# Solved: Nexus The Jupiter Incident



## JUPITERSSUN (Nov 29, 2006)

OK need help i have a dell e310 demension WXP nothing special i did add memory 1GB
I installed nexus I got the game from the UK I go to play and a error - nexus_DX8 ERROR
assertion Failed
FILE:dspace cpp
Line 542
expression:False
I'm also having problems with a game called EARTH 2160
And i have figured i need a better card And i did put in a Radeon x1300 pci But my monitor
would'nt reconize the hook up I mean the graphics worked but the monitor would'nt go in sleep mode after shut down or logging off so i gave the card back and thats my third Question, Is there a better card that i can try that isn't to much ? 100 or less ?
I'm really not ready to get anouther pc just yet.

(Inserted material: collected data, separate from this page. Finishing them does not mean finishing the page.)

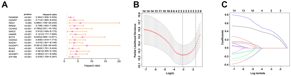 TargetScan was used for the prediction of the target genes. Then by interaction with up-regulated genes as evidenced by the TCGA database, 141 target genes were identified and viewed in the form of a Venn diagram (Figure 4A). GO and KEGG analyses were applied to clarify the function of miRNA-569. GO analysis is composed of Biological processes (BPs), cellular components (CCs), and molecular functions (MFs) [18], which mainly concentrated on the extracellular matrix organization, focal adhesion, and GTPase activity, which were critical in the processes of cell biology (Figure 4B). For KEGG analysis, the PI3K-Akt signaling pathway and MAPK signaling pathway were reported to be closely related to the cancerous process of PC (Figure 4C). To screen hub genes, we constructed a protein-protein interaction network that consists of 399 nodes and 1499 edges, and we then focused on the 16 hub genes in the network highlighted by cytoHubba according to their degree of overexpression (Figure 4D, 4E). Since miRNA-569 was closely associated with prognosis, the LASSO Cox analysis was used to limit the possible choices of hub genes to facilitate the selection of only the most useful target genes. This allowed us to identify two genes (ECT2 and NUSAP1) (Figure 5A–5C). The biological function of ECT2 in pancreatic cancer had been discussed in our previous work [19], so we mainly focused on NUSAP1 during subsequent research.
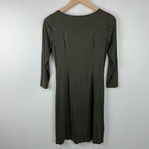 Tommy Bahama Embellished Dark Green L/S Swing Dress XS
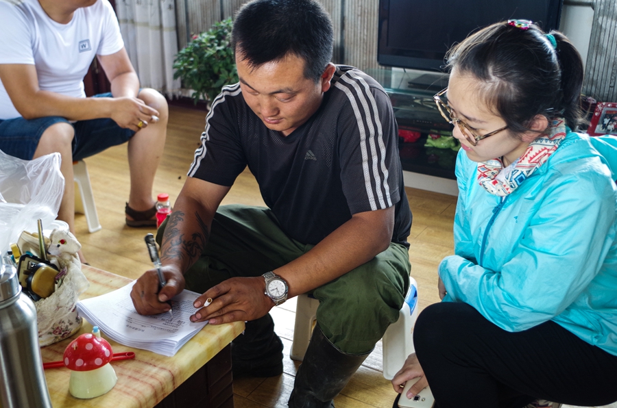 在挨家挨户的走访过程中,我们发现现实跟想象是不一样的,由于各位牧民的生活质量和受教育程度的不同,为问卷填写增加了很大难度。于是,我们采取在聊天中找细节的方法,将书面化的语言变成闲聊中的琐碎问题,逐步深入,这样既在聊天中拉近彼此间的距离,又能够高效完成调查问卷。
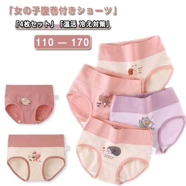 送料無料 4枚セット 女の子 腹巻ショーツ 綿 冷え対策 温活 女児ショーツ インナー 子供 腹巻パンツ 下着 ガールズ キッズ 腹巻付き 下着 肌着 ストレッチ ジュニア 通園 保育園 幼稚園 小学生 入園 入学 110 120 130 140 150 160 170 送料無料
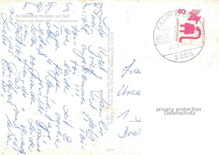 74156329 alte Postkarte Kampen Sylt Nordseebad Rotes-Kliff Strand Strandkoerbe Duenen Meer Sylt Heide postalisch gelaufen Fliegeraufnahme Erhaltung siehe scans [Karloger] KatCode: 11110001054061
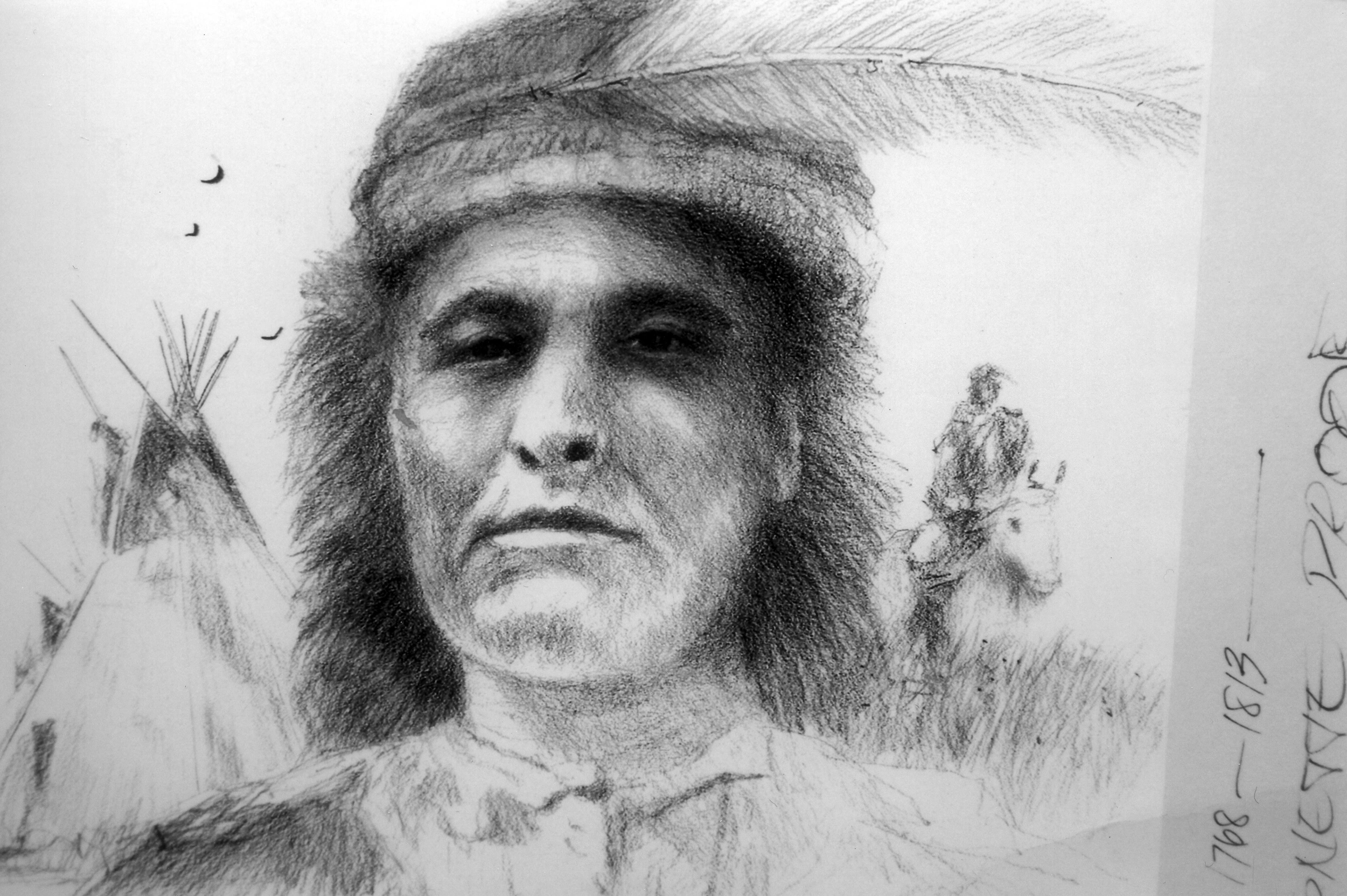 Jerry Baum sketch titled Identity of a Warrior--a portrait of the Shawnee warrior and chief Tecumseh. This is a close up of the first draft sketch. An award-winning artist, Jerry Baum attended F.J. Reitz High School, Indiana University and the University of Evansville. He is the son of the originator of this collection.
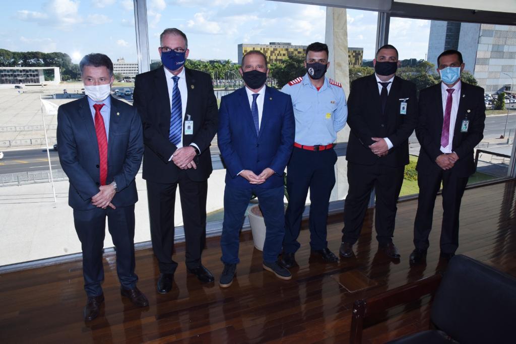 O presidente da Associação dos Bombeiros Voluntários no Estado de Santa Catarina (ABVESC), Ivan Frederico Hudler, e o presidente da Associação dos Bombeiros Voluntários no Rio Grande do Sul (Voluntersul), Anderson Josiel – secretário e presidente da Confederação Nacional dos Bombeiros Voluntários (Conabov), respectivamente -, juntamente com o deputado federal e presidente da Frente Parlamentar Mista em Defesa dos Bombeiros Voluntários, Darci de Matos, participaram de audiência com o ministro-chefe da Secretaria-geral da Presidência da República, Onyx Lorenzoni, nesta quarta (26.maio).
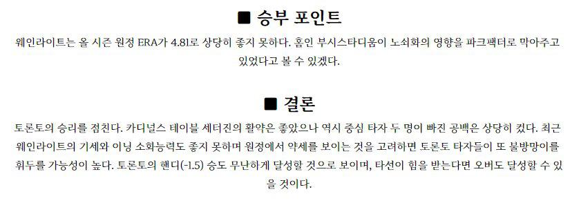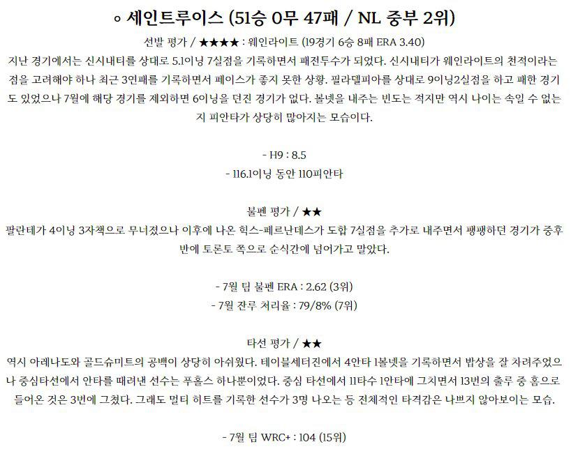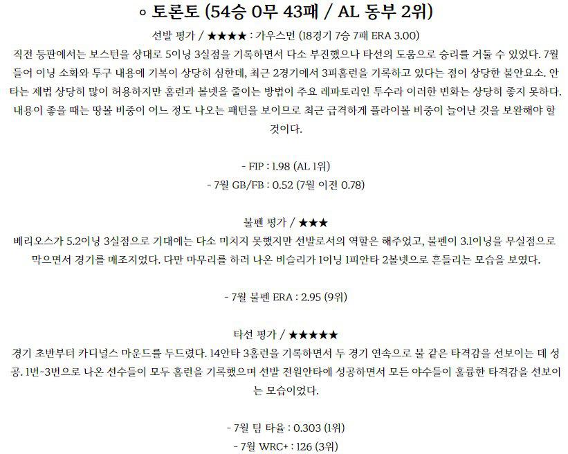◈두산(스탁 7승6패 3.01) 스탁 투수는 이전경기(7/22) 홈에서 SSG 상대로 7이닝 무실점 노디시전을 기록했으며 이전경기(7/13) 원정에서 NC 상대로 5.2이닝 4실점 패배를 기록했다. 2연패 흐름 속에 올시즌 KBO 무대 데뷔후 19경기 7승6패, 11경기 QS 성적이며 5월 5경기, 2승2패, 2.61, 6월 5경기 2승2패, 4.76,…
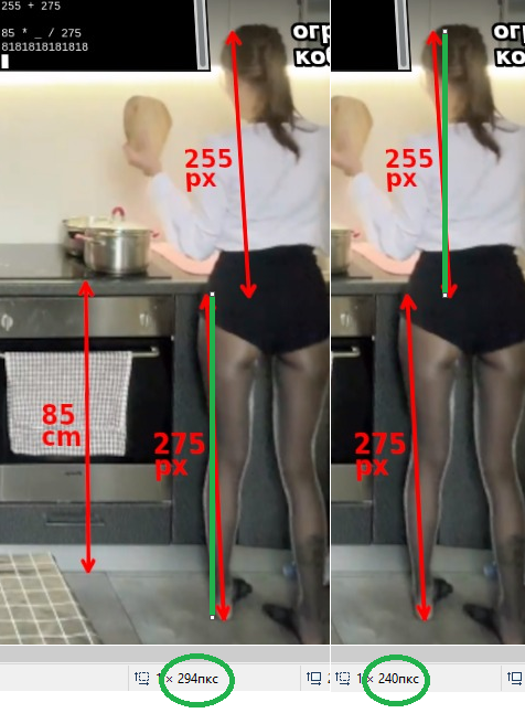 2. Перспектива, блять! Возьми в любом граф. редакторе линии и попробуй их порисовать. Относительно плитки напольной, относительно варочной панели, стола... Ты ахуеешь насколько они не параллельные. Да там даже сама плита встроенная с одной стороны более менее прямая, а с другой там уже ебейший угол. Как камера стоит, на какой высоте, какой угол? Ты ж ничерта из этого не учел. Там если даже начать вычерчивать перспективу от какой-нибудь напольной плитки, можно по итогу Галке и все 180 намерять.

There are no set backs in life its always on time


----------



## Couriant (Mar 26, 2002)

The first one (nexus) seems to be a graphic card problem. Make sure your card is supported by the game and update the drivers and DirectX if you haven't done so (it should be 9.0c


----------



## JUPITERSSUN (Nov 29, 2006)

Sorry for the late up date trying to catch up anyways there were programs running interfearance.The answer was to do a clean boot. Got that from here Thanks for the help.


----------